Diese meist 6 – 10jährigen Kinder wurden in den Eisengruben, wie in der Grube Silberhardt in Windeck-Öttershagen überall da eingesetzt, wo es zu eng und zu niedrig wurde für erwachsene Männer, also nicht nur an den Heinzen, sondern auch als Hauer beim Steine- und Erzhauen. Im Mittelalter und zum Teil bis ins 19. Jahrhundert war es selbstverständlich, dass Kinder ab 6 Jahren überall zur Arbeit eingesetzt wurden. In der Landwirtschaft sowieso und hier in Windeck auch in den vielen Steinbrüchen und eben in den Erzgruben Silberhardt, Eisenberg, Prosa, Zwischenfeld und Jucht. Es wurden zwar in der Zeit des Mittelalters pro Familie meist 10 – 12 Kinder geboren, aber davon starb im Durchschnitt die Hälfte schon im Kindesalter an Krankheiten oder auch an Unfällen bei der schweren und gefährlichen Arbeit, die sie leisten mussten.
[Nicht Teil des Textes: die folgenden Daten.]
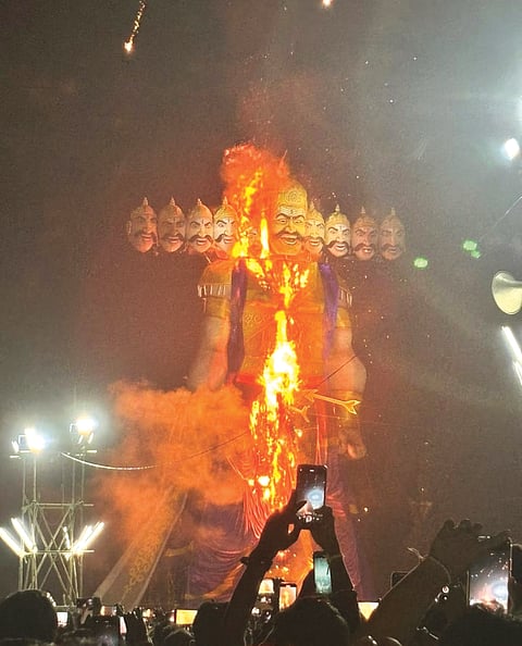 PALASBARI: Dussehra was celebrated with the participation of around 10,000 people at RBHS and MP School playground at Mirza by Sarpara Friends Club on Sunday. A 150-foot-tall statue of Ravana was burnt on the occasion of Dussehra on Sunday.
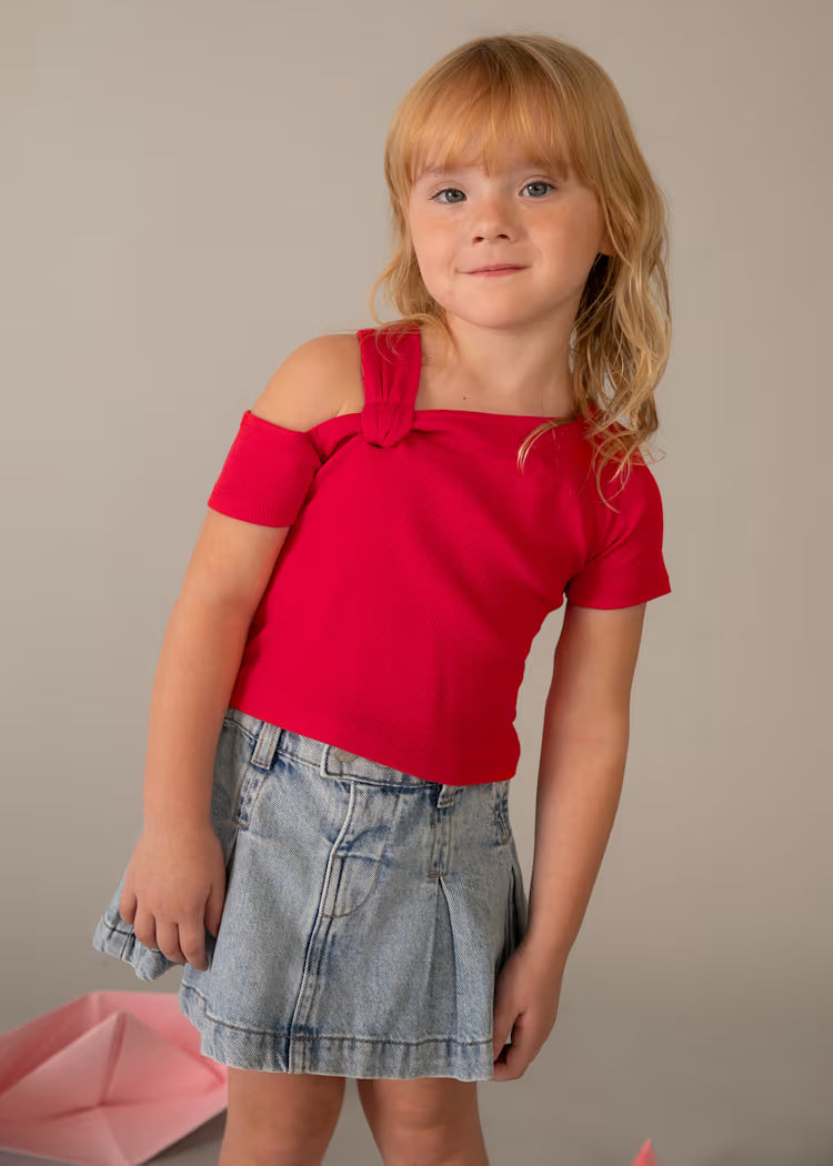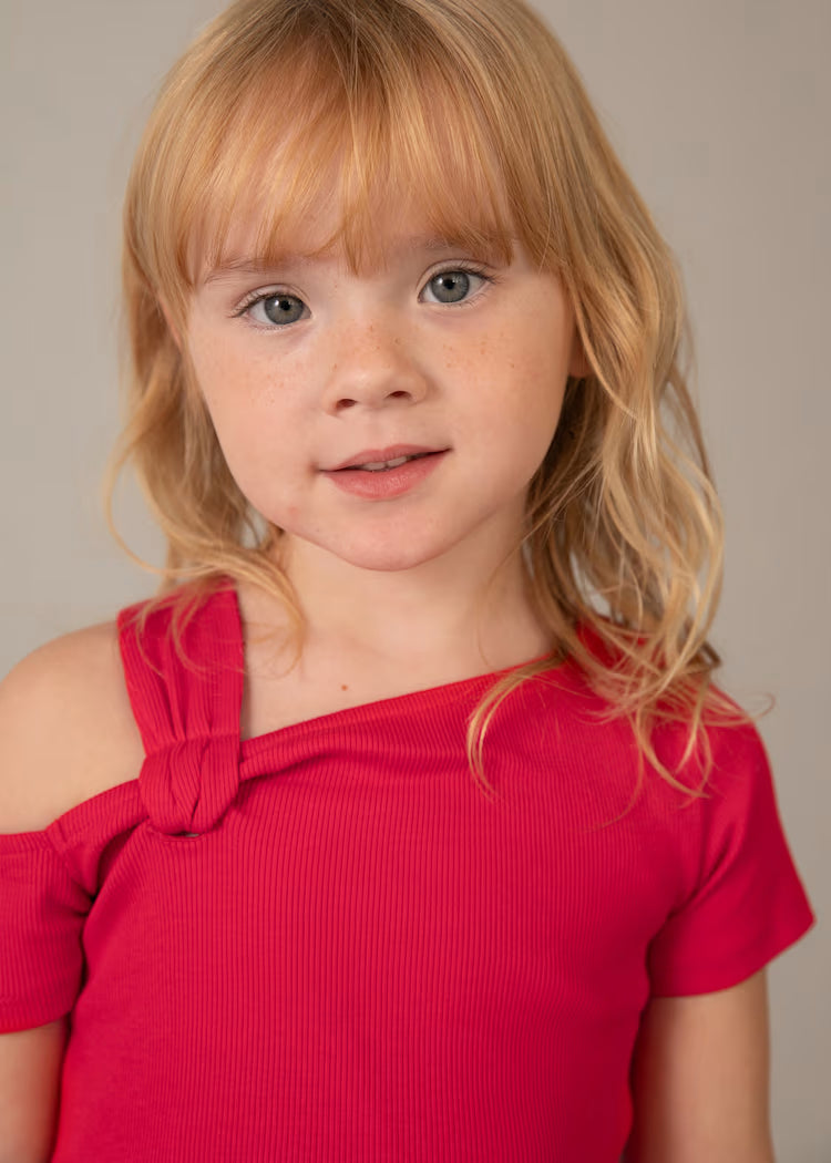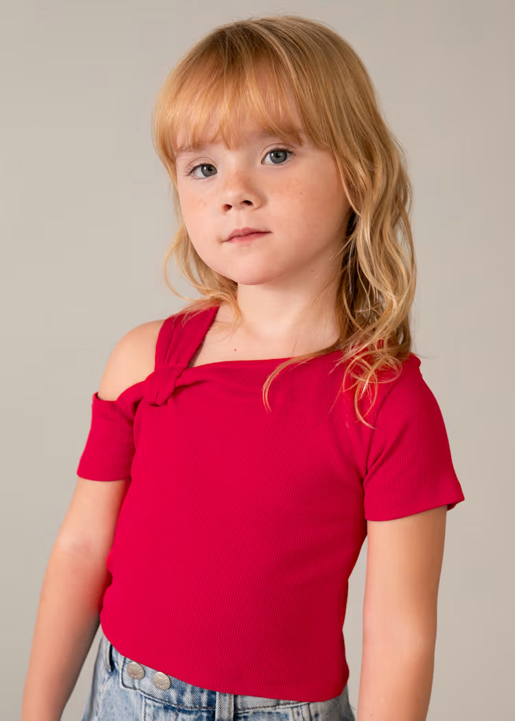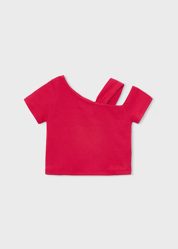 Stilinga, vasariška, ryškios spalvos palaidinė puikiai derės po švarkeliu ar prie bet kokio kito drabužėlio. Išskirtinumo suteikia viena petnešėlė pernerta per audinį.
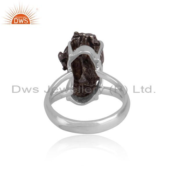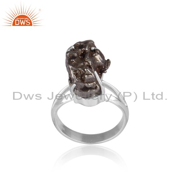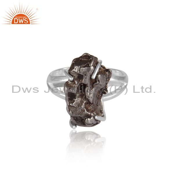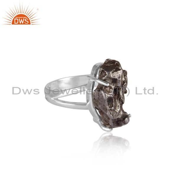 Rough Cut Meteorite Set Fine Sterling Silver Handmade Ring
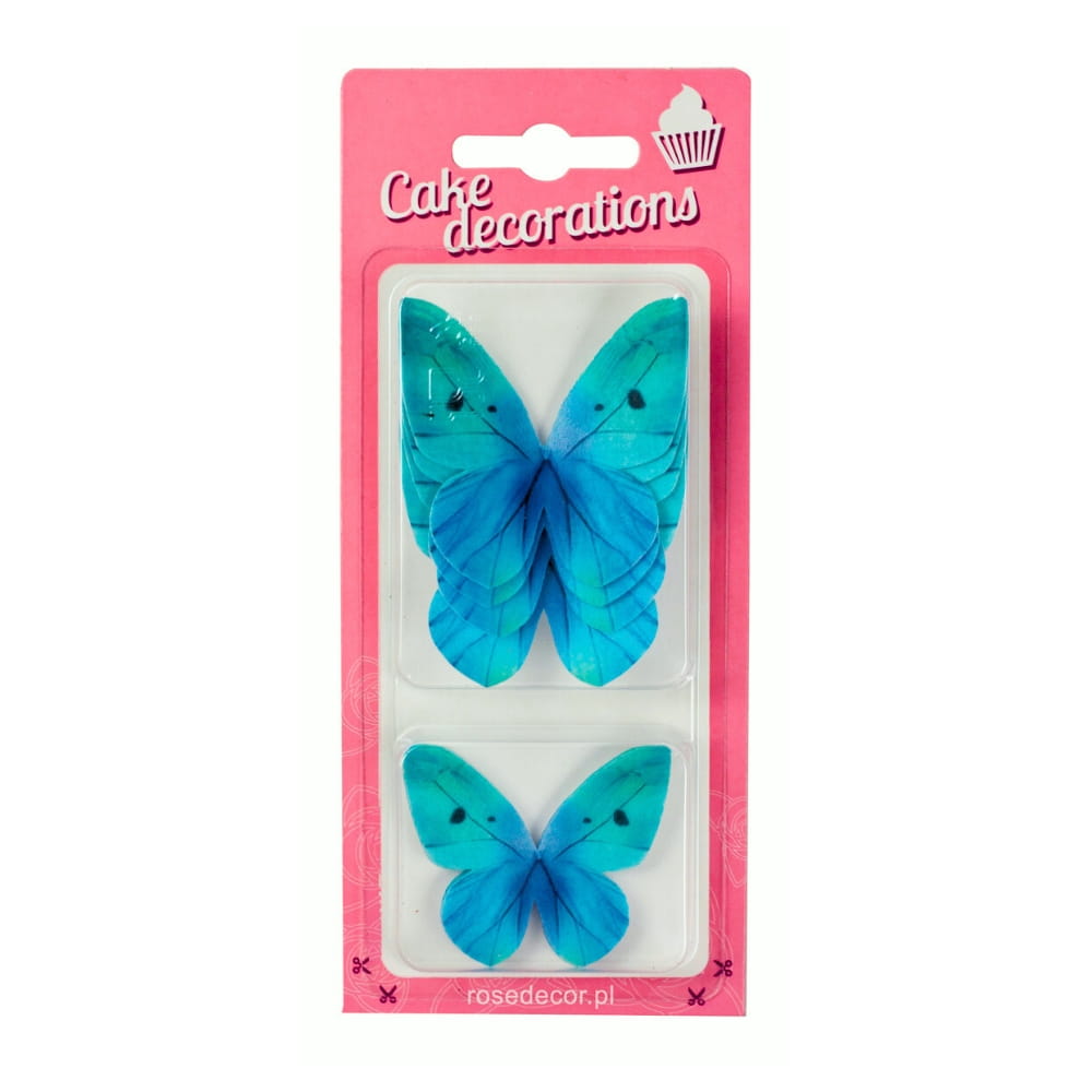 Turkusowe motyle to efektowna ozdoba waflowa w kształcie motylka wykonana z opłatka. Zestaw pięknych motylków w turkusowym połączeniu zieleni i niebieskiego. Wygląd turkusowych motyli jest niepowtarzalny. Ozdoba jest bardzo łatwa w użyciu, lekka i oczywiście w 100% jadalna. Pozwala na stworzenie subtelnych, ulotnych dekoracji na tortach, przystawkach, wypiekach i wyrobach cukierniczych. Motyle mają bardzo delikatną strukturę. Wyroby powinno się dekorować tuż przed podaniem. Motylkowe ozdoby waflowe silnie pochłaniają wilgoć. Delikatne złożenie skrzydeł motylka pozwala uzyskać efekt 3D. Mają neutralny smak: nie wpływają na smak dekorowanych wyrobów. W opakowaniu 4 sztuki większe i 4 mniejsze (łącznie 8).

Wenn eine Familie aber tatsächlich mehr als vier bis fünf Kinder über das 6. Lebensjahr hinaus großziehen musste, dann konnte sie diese nach dem 10. Lebensjahr, wenn die Pubertät begann und der Appetit stieg, oft nicht mehr ausreichend ernähren. Und meist wurden diese größeren Kinder dann auch noch aus den Erzgruben entlassen, weil sie dafür nicht mehr klein genug waren. So blieb den Eltern oft nichts anderes übrig, als sie entweder als Knechte und Mägde an Großbauern oder als Haus- und Haushaltshilfen nach Köln in die Patrizierhäuser zu verkaufen. Und dort mussten sie meist nachts arbeiten und tagsüber in dunklen Kellerschlupfwinkeln verswinden, weil man der Öffentlichkeit diese unansehnlichen kleinen Sklaven nicht zeigen mochte. Und man nannte dort die Zipfelmützenkinder dann nicht mehr die Heinzelmännchen von Windeck sondern die Heinzelmännchen von Köln.